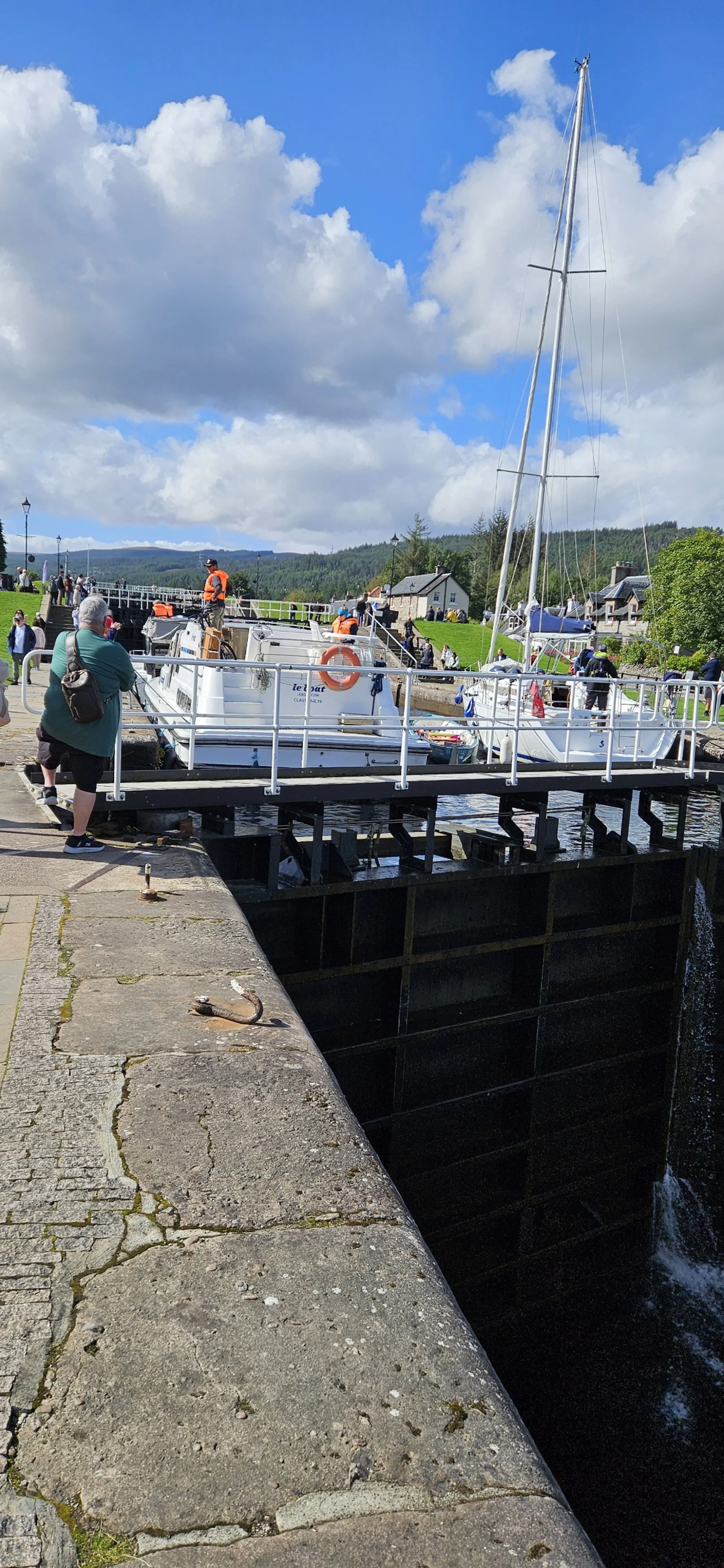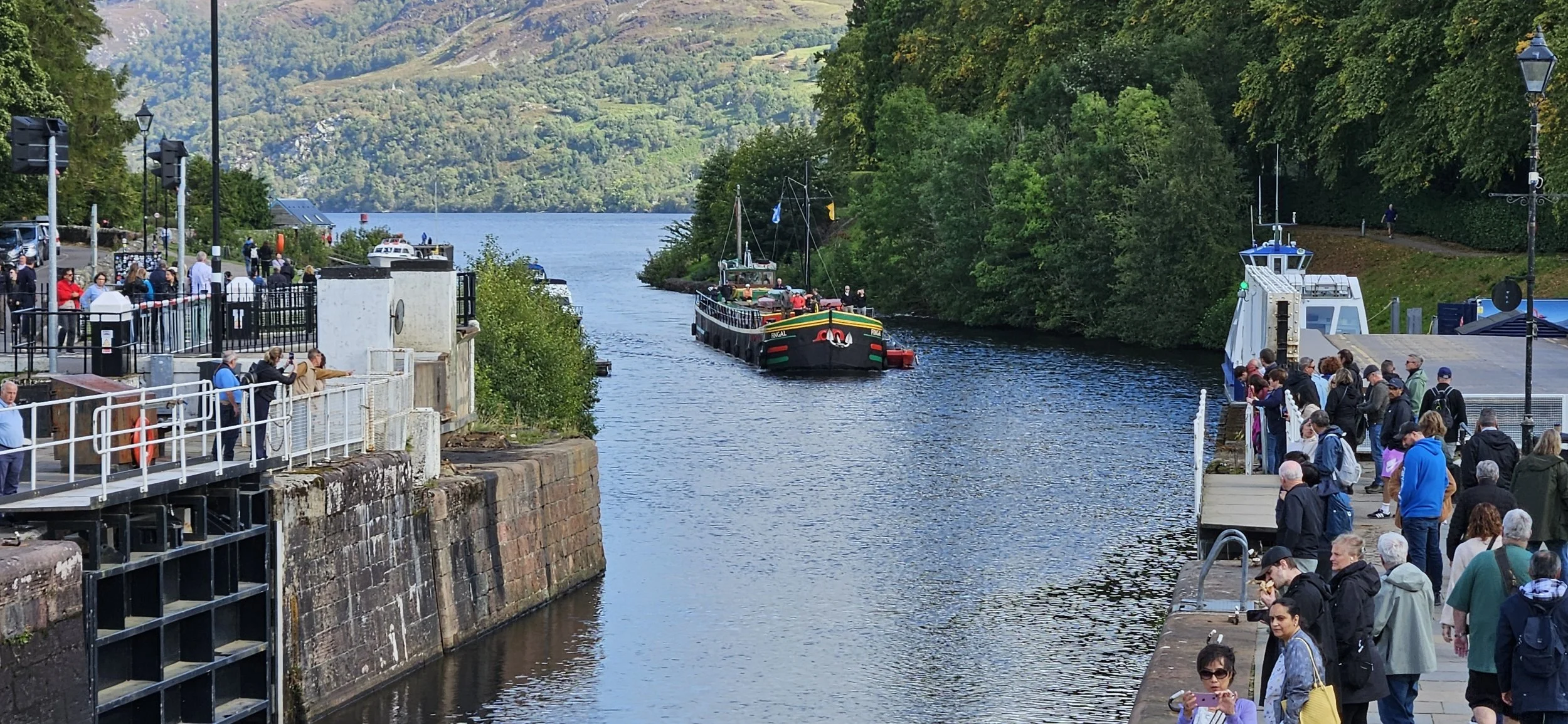These locks connect the four lochs across the Highlands area. Loch Ness accesses the North Sea and Loch Linnhe accesses the Atlantic Ocean. Through the locks and Lochs smaller vessels can avoid having to travel north around the top of Scotland. Glad you don't need keys for all that. (Dad joke)
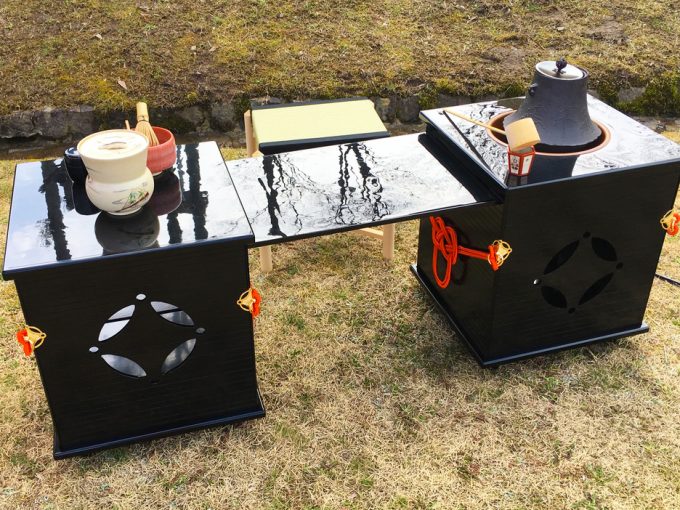 暖かい日でいい天気でしたから、私と中井先生は野点手前しました。おぶぶのインターンの一人コニーちゃんも参加しました。
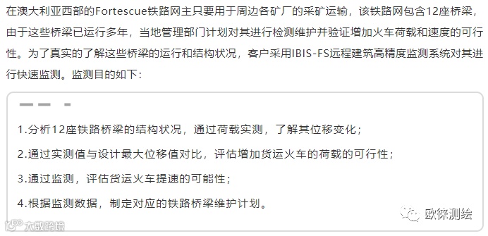 IBIS-FS远程建筑高精度监测系统以其极高精度、超高频率、可快速安装部署、非接触监测(无等特点帮助铁路管理部在几天的时间内完成了快速完成了12座铁路桥的监测。帮助客户收集了真实可靠的监测数据,为客户后续的维护分析提供了保障!IBIS-FS远程建筑高精度监测系统在桥梁、塔楼等建筑结构物的荷载、共振频率等实时监测中具有广泛的应用。
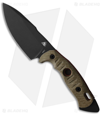 - Olive drab green with orange trim micarta handle, large lanyard hole.
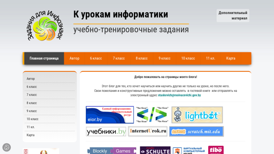 | AI-анализ | The website 'К урокам информатики "Учебно-тренировочные задания"' is a blog for students of the 6th to 11th grades in the field of informatics. It offers additional materials and educational tasks beyond the classroom. The main page includes a menu and a welcome message for visitors. The author's name, Галина Адамовна Staskevich, and contact information, staskevich@rooivacevichi.gov.by, are provided. The website is governed by two policies, one for personal data handling and one for cookie usage. The domain is registered under 'ВЕБ-МАСТЕРСКАЯ.БЕЛ'. |
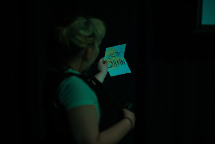 Sluts with Consoles predominantly a piece that puts female and feminine rage front-and-centre – a later and pungent section of the piece that sees Player 1 take advantage of the objectification that both players have experienced rings with nuance and urgency in a world where gamers develop (often unhealthy) parasocial relationships with streamers alongside the pipelines-galore of male toxicity that exist online. As Players 1 & 2 are exposed to the harmful effects they ask the question “how can we love a hobby and community that doesn’t seem to love us back?”
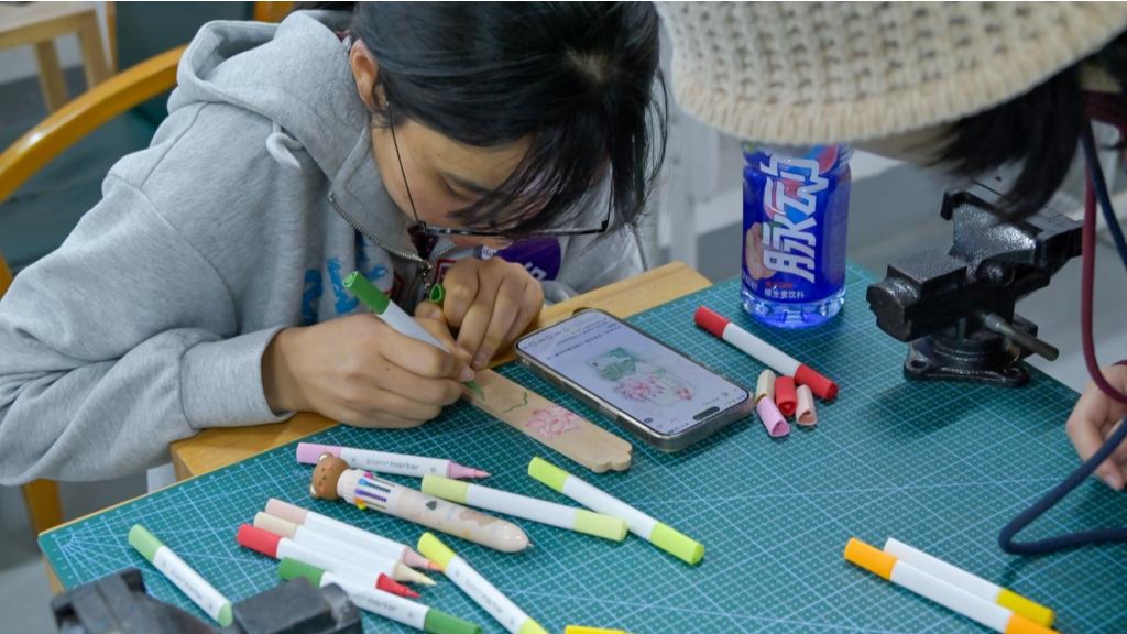 在劳动竞赛现场,选手们通过成果诠释劳动创造价值的深刻内涵。手工制作竞赛中“鹊桥仙·嵙大赋”、“勤谨熠熠映科园”等作品获评优秀劳动作品。(图6)

What the exercise asks: An exact copy of the entries above is needed, with the pictures removed.

Answer to this exercise:
These locks connect the four lochs across the Highlands area. Loch Ness accesses the North Sea and Loch Linnhe accesses the Atlantic Ocean. Through the locks and Lochs smaller vessels can avoid having to travel north around the top of Scotland. Glad you don't need keys for all that. (Dad joke)
 暖かい日でいい天気でしたから、私と中井先生は野点手前しました。おぶぶのインターンの一人コニーちゃんも参加しました。
 IBIS-FS远程建筑高精度监测系统以其极高精度、超高频率、可快速安装部署、非接触监测(无等特点帮助铁路管理部在几天的时间内完成了快速完成了12座铁路桥的监测。帮助客户收集了真实可靠的监测数据,为客户后续的维护分析提供了保障!IBIS-FS远程建筑高精度监测系统在桥梁、塔楼等建筑结构物的荷载、共振频率等实时监测中具有广泛的应用。
 - Olive drab green with orange trim micarta handle, large lanyard hole.
 | AI-анализ | The website 'К урокам информатики "Учебно-тренировочные задания"' is a blog for students of the 6th to 11th grades in the field of informatics. It offers additional materials and educational tasks beyond the classroom. The main page includes a menu and a welcome message for visitors. The author's name, Галина Адамовна Staskevich, and contact information, staskevich@rooivacevichi.gov.by, are provided. The website is governed by two policies, one for personal data handling and one for cookie usage. The domain is registered under 'ВЕБ-МАСТЕРСКАЯ.БЕЛ'. |
 Sluts with Consoles predominantly a piece that puts female and feminine rage front-and-centre – a later and pungent section of the piece that sees Player 1 take advantage of the objectification that both players have experienced rings with nuance and urgency in a world where gamers develop (often unhealthy) parasocial relationships with streamers alongside the pipelines-galore of male toxicity that exist online. As Players 1 & 2 are exposed to the harmful effects they ask the question “how can we love a hobby and community that doesn’t seem to love us back?”
 在劳动竞赛现场,选手们通过成果诠释劳动创造价值的深刻内涵。手工制作竞赛中“鹊桥仙·嵙大赋”、“勤谨熠熠映科园”等作品获评优秀劳动作品。(图6)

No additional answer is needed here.